Data shown:
────────────────────────────────────────
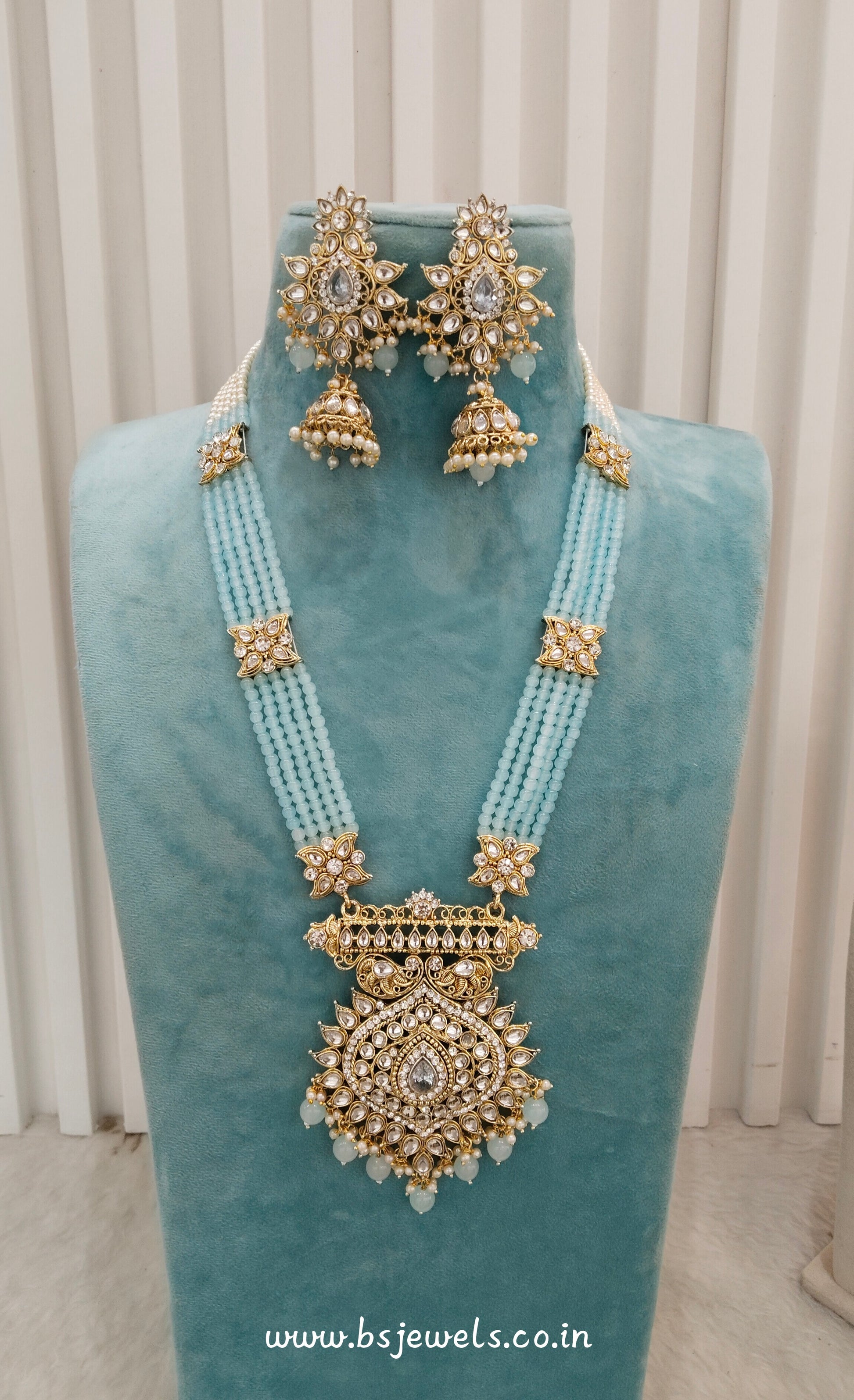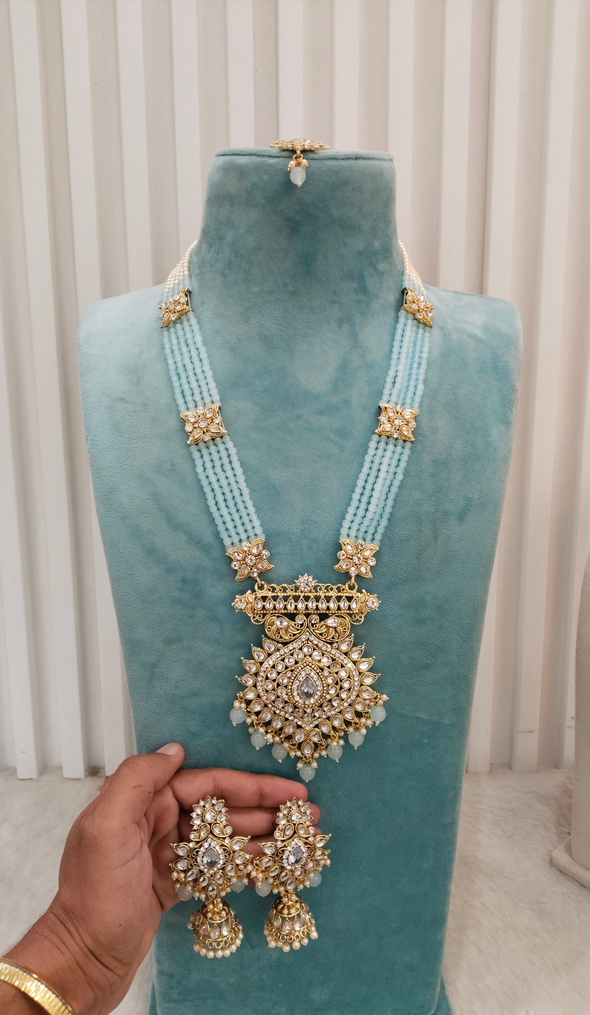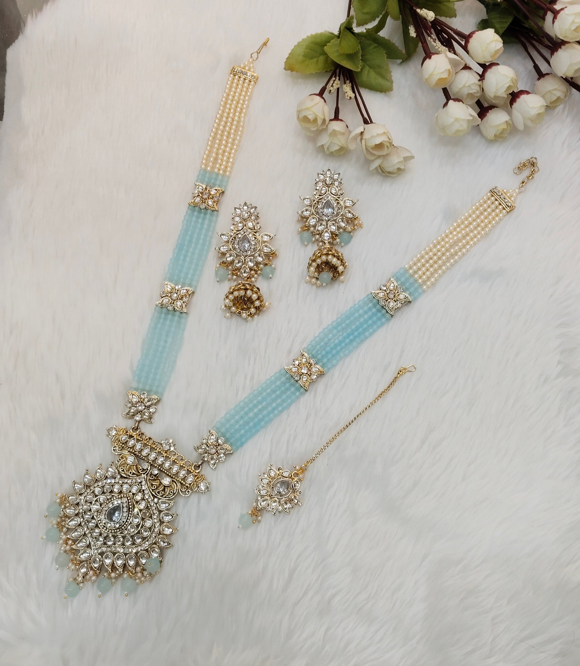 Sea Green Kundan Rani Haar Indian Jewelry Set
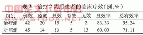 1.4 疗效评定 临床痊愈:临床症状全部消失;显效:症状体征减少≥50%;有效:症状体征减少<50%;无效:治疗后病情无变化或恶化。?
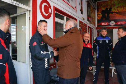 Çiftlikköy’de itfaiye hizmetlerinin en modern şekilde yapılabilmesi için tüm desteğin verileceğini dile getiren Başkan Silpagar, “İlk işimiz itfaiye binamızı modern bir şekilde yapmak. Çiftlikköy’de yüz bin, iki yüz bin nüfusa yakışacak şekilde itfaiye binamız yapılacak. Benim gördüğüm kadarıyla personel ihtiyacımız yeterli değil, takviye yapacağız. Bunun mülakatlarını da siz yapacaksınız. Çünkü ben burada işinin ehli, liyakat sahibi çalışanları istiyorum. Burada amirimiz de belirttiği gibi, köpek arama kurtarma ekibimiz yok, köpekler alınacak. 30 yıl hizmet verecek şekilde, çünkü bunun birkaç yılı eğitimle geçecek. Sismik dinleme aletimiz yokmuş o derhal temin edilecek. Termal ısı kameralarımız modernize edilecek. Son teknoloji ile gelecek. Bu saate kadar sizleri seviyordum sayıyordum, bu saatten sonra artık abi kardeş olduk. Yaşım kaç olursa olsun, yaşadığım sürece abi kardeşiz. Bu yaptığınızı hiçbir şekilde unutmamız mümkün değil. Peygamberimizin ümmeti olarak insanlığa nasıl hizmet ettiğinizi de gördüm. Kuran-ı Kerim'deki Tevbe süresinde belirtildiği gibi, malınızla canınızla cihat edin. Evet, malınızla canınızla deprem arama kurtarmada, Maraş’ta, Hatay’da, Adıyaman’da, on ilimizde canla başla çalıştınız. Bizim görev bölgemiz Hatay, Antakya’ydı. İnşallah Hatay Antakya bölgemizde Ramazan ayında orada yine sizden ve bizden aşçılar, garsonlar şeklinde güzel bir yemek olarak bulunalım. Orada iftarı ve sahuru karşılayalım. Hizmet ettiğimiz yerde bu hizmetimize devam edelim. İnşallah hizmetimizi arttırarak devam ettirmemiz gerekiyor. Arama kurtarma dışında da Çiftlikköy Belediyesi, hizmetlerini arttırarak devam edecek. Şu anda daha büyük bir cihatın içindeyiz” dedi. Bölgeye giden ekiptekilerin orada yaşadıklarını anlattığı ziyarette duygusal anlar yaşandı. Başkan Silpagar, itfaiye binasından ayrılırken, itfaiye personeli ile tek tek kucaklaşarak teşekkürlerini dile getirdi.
────────────────────────────────────────
What the exercise asks:
Exclude the pictures and print the rest of the data exactly.

Exercise response:
 Sea Green Kundan Rani Haar Indian Jewelry Set
 1.4 疗效评定 临床痊愈:临床症状全部消失;显效:症状体征减少≥50%;有效:症状体征减少<50%;无效:治疗后病情无变化或恶化。?
 Çiftlikköy’de itfaiye hizmetlerinin en modern şekilde yapılabilmesi için tüm desteğin verileceğini dile getiren Başkan Silpagar, “İlk işimiz itfaiye binamızı modern bir şekilde yapmak. Çiftlikköy’de yüz bin, iki yüz bin nüfusa yakışacak şekilde itfaiye binamız yapılacak. Benim gördüğüm kadarıyla personel ihtiyacımız yeterli değil, takviye yapacağız. Bunun mülakatlarını da siz yapacaksınız. Çünkü ben burada işinin ehli, liyakat sahibi çalışanları istiyorum. Burada amirimiz de belirttiği gibi, köpek arama kurtarma ekibimiz yok, köpekler alınacak. 30 yıl hizmet verecek şekilde, çünkü bunun birkaç yılı eğitimle geçecek. Sismik dinleme aletimiz yokmuş o derhal temin edilecek. Termal ısı kameralarımız modernize edilecek. Son teknoloji ile gelecek. Bu saate kadar sizleri seviyordum sayıyordum, bu saatten sonra artık abi kardeş olduk. Yaşım kaç olursa olsun, yaşadığım sürece abi kardeşiz. Bu yaptığınızı hiçbir şekilde unutmamız mümkün değil. Peygamberimizin ümmeti olarak insanlığa nasıl hizmet ettiğinizi de gördüm. Kuran-ı Kerim'deki Tevbe süresinde belirtildiği gibi, malınızla canınızla cihat edin. Evet, malınızla canınızla deprem arama kurtarmada, Maraş’ta, Hatay’da, Adıyaman’da, on ilimizde canla başla çalıştınız. Bizim görev bölgemiz Hatay, Antakya’ydı. İnşallah Hatay Antakya bölgemizde Ramazan ayında orada yine sizden ve bizden aşçılar, garsonlar şeklinde güzel bir yemek olarak bulunalım. Orada iftarı ve sahuru karşılayalım. Hizmet ettiğimiz yerde bu hizmetimize devam edelim. İnşallah hizmetimizi arttırarak devam ettirmemiz gerekiyor. Arama kurtarma dışında da Çiftlikköy Belediyesi, hizmetlerini arttırarak devam edecek. Şu anda daha büyük bir cihatın içindeyiz” dedi. Bölgeye giden ekiptekilerin orada yaşadıklarını anlattığı ziyarette duygusal anlar yaşandı. Başkan Silpagar, itfaiye binasından ayrılırken, itfaiye personeli ile tek tek kucaklaşarak teşekkürlerini dile getirdi.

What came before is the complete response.